Пусть человек, забыв про спесь,
Доволен будет тем, что есть…
Иначе, не успев и ахнуть,
Познает он судьбу Арахны —
Ткачихи, жившей здесь, в низине,
И ткавшей (так же как богини)
Шедевры, не смыкая век…
– А разве может человек
Хоть что-то делать как богини?
Он часто слышит зов гордыни
(Не всякий сможет устоять)…
Умеет кто-то так же ткать?
– О да, беспечные подруги
Свободы, грёз, любви и скуки, —
Сказала старшая из них, —
В природе есть её двойник…
Арахна мастерством гордилась…
Я расскажу, что с ней случилось:
Арахна в творческом стремленьи
Пришла к вершине… Достиженья
Подобного и свет не знал,
Оно достойно всех похвал,
И в состязаниях недавних
Ей не было в искусстве равных.
Она в нехитрый ткацкий стан
Вбирала утренний туман…
Лучи зари вечерней алой,
Но мастерице было мало,
И луч клубка-луны она
Вплетала в нить веретена…
И дева ткала полотно,
Как в грёзы отворив окно:
В плетеньи тонком воздух синий
Был схож с дыханием богини,
Цветы нежны, казалось, пахнут…
Кудесницей была Арахна!
Но возгордилась!

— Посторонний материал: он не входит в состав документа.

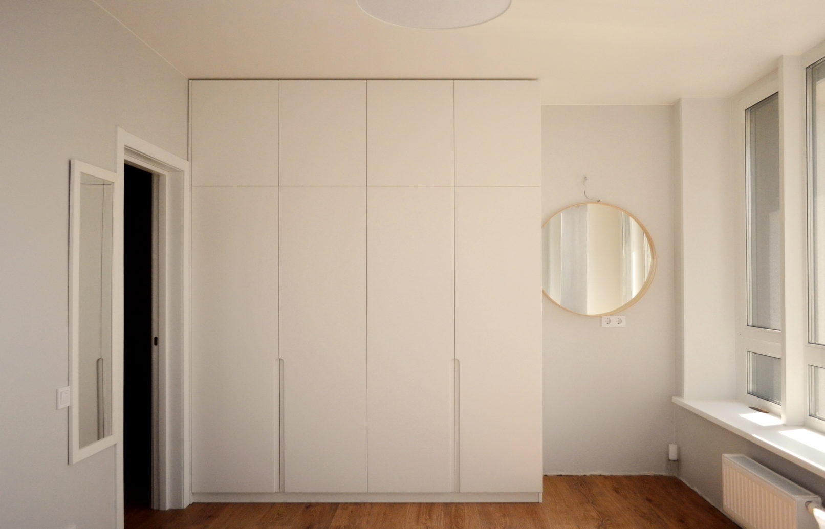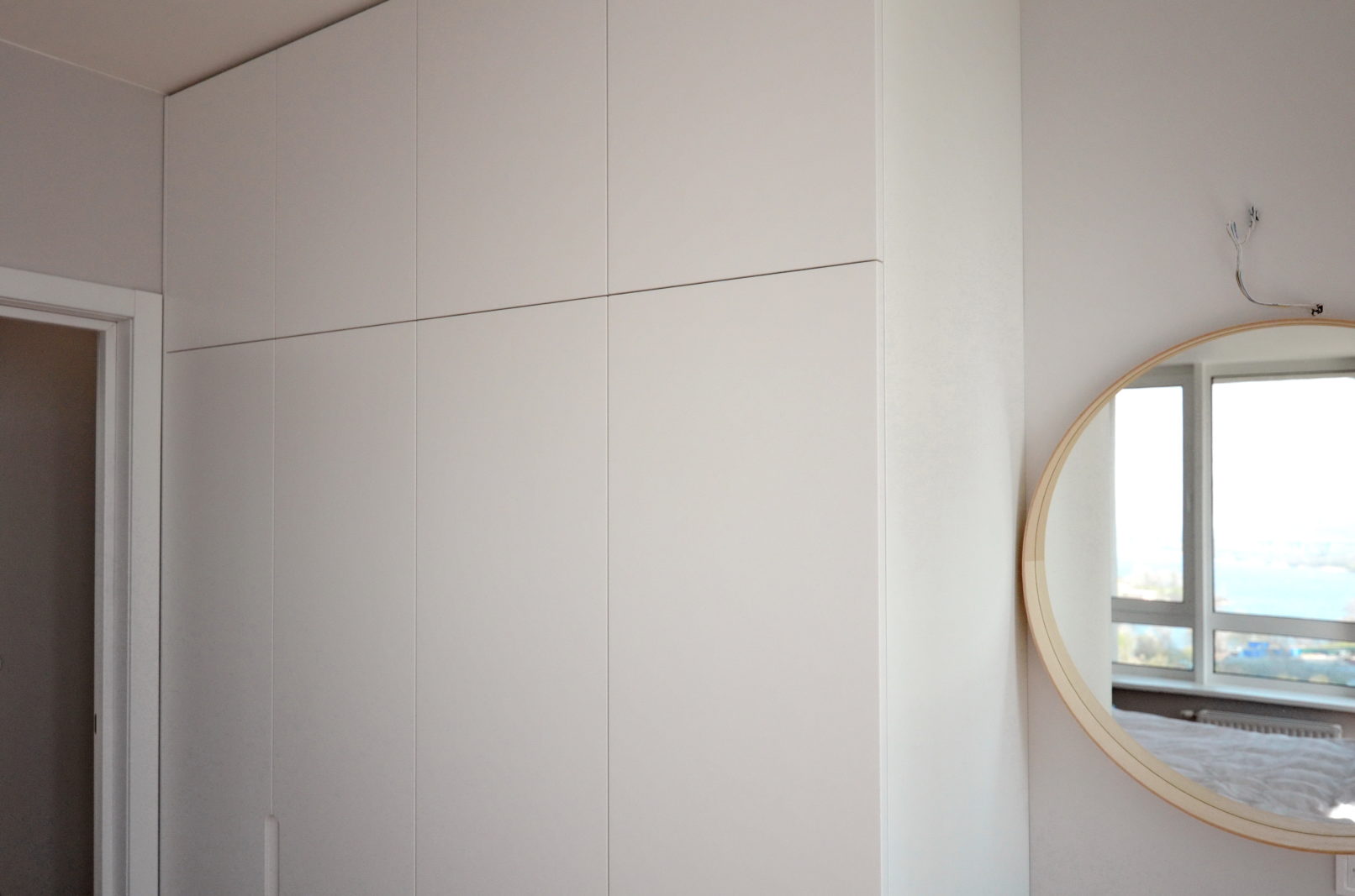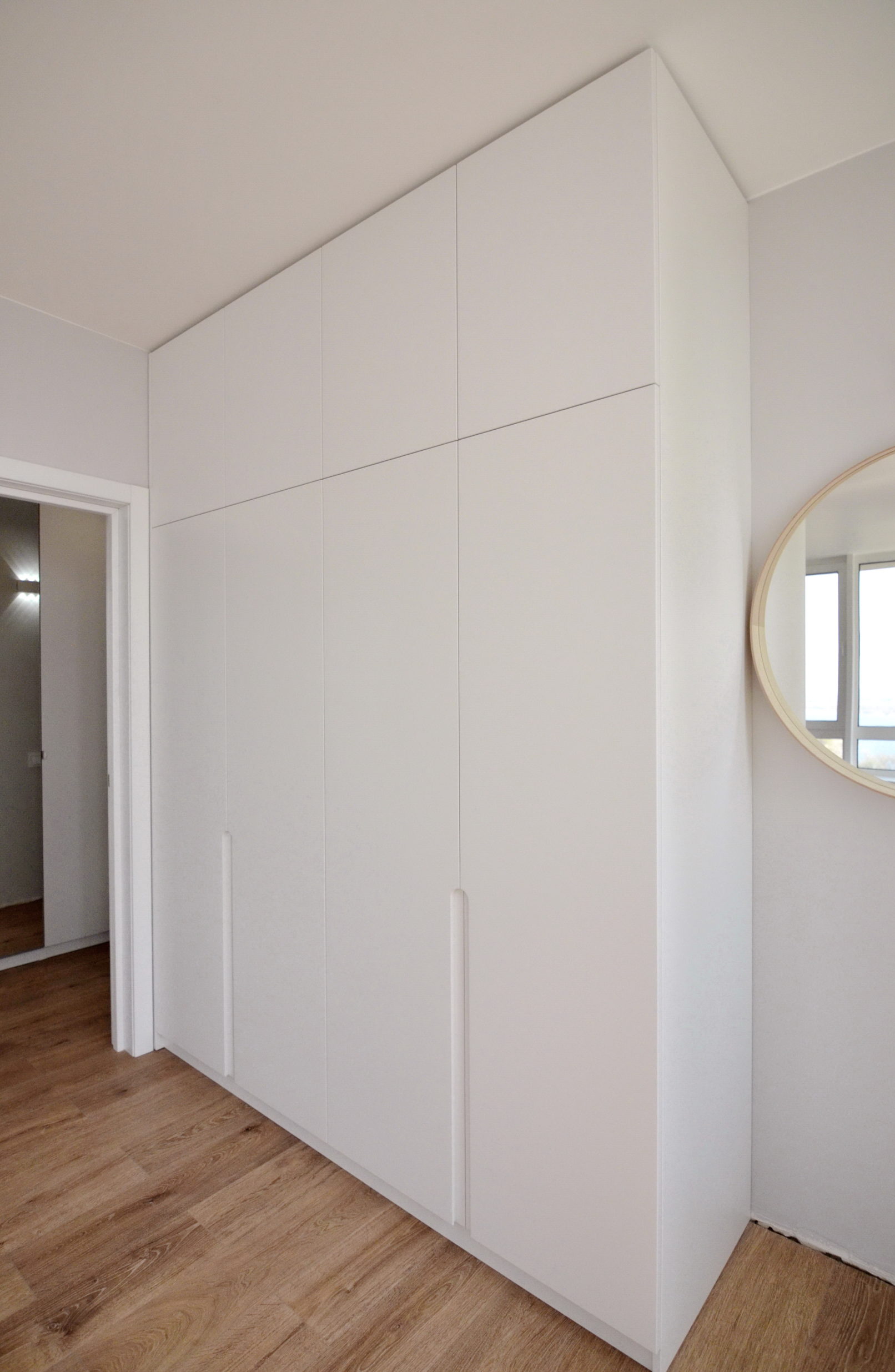 Ця шафа до спальні з фарбованого МДФ з інтегрованими ручками виготовлена на замовлення спеціально для спальні з урахуванням усіх побажань клієнта. Чиста геометрія, фарбовані фасади з МДФ та врізні ручки роблять конструкцію візуально легкою та сучасною. Висота до стелі дозволяє використати максимум простору для зберігання, а чіткі лінії фасадів зливаються зі стінами, не перевантажуючи інтер’єр. Фарбування матове, з приємною на дотик текстурою.

Это ж надо:
Дочь Зевса – мудрую Палладу —
Вслух позвала на состязанье:
«Приди, Паллада! Упованье
Моё на мастерство и нить!
Я всех сумела победить
Здесь, на земле… я жду, Афина!
Ткать – это труд! А ты – богиня…
Грубеют пальцы рук от пряжи,
И в монотонном ритме даже
Начнут и очи уставать…
Лишь я одна умею ткать
И выразительно, и ловко!
Нить пряжи – это не верёвка!‥»
Гордыня свойственна успеху…
Ткачиха будто ради смеха
Палладу позвала надменно.
Но боги – вечны, люди – тленны:
Жизнь отдаёт их Смерти в руки…
…Афина в облике старухи
Явилась к лучшей мастерице,
Чтоб, образумив, примириться…
В старухе видя попрошайку
И став надменною хозяйкой,
Арахна крикнула: «Что надо?!»
– Ты ткать умеешь как Паллада?
– Ну я!‥ Не преступай порога!
Поди прочь! Скатертью дорога!
Старуха ей в ответ: «Ох, ныне
Не уважают за седины…
Жить творчеством – подобно песне…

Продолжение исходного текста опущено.